Homework Help: Show x^2 is continuous.

  1. Jul 14, 2010 #1
    1. The problem statement, all variables and given/known data
    Show x^2 is continuous, on all reals, using a delta/epsilon argument.

    Let E>0. I want to find a D s.t. whenever d(x,y)<D d(f(x),f(y))<E.
    WLOG let x>y
    |x^2-y^2|=x^2-y^2=(x-y)(x+y)<D(x+y)

    I am trying to bound x+y, but can't figure out how.
     
  2. jcsd
  3. Jul 14, 2010 #2

    Hurkyl

    User Avatar
    Staff Emeritus
    Science Advisor
    Gold Member

    One problem is that you have the epsilon-delta statement wrong. What you wrote is the definition of "uniformly continuous", and squaring is not uniformly continuous.

    Uniform continuity requires a delta that works for all values of y.

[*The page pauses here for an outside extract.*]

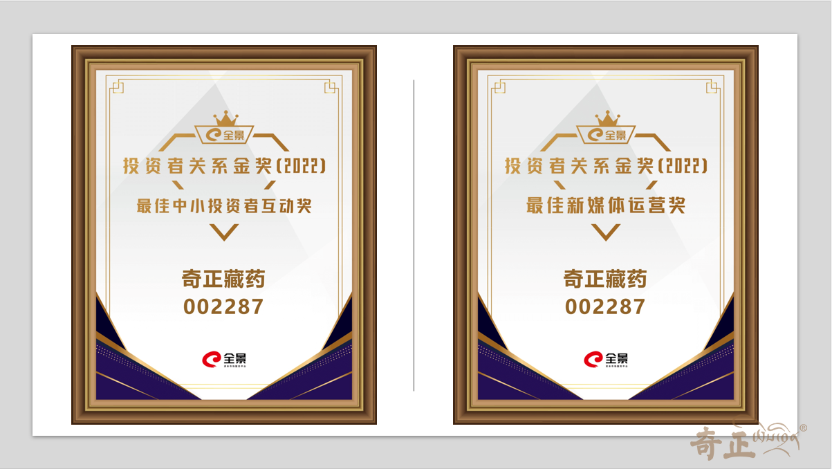 5月23日,“全景投資者關(guān)系金獎(jiǎng)”2022年度全國(guó)性評(píng)選的獲獎(jiǎng)榜單正式揭曉,奇正藏藥喜提“最佳中小投資者互動(dòng)獎(jiǎng)”、“最佳新媒體運(yùn)營(yíng)獎(jiǎng)”兩項(xiàng)殊榮。

Continuity only requires that, for each value of y, there exists a delta. If it helps, you should think of the delta you are choosing as a function of y.
     
  4. Jul 14, 2010 #3
    Maybe writing x+y=x-y+2y will help?
     
  5. Jul 15, 2010 #4

    HallsofIvy

    User Avatar
    Science Advisor

    You need to show: given any real number, a, then for any [itex]\epsilon> 0[/itex], there exist [itex]\delta> 0[/itex] such that if [itex]|x- a|< \delta[/itex] then [itex]|x^2- a^2|< \epsilon[/itex].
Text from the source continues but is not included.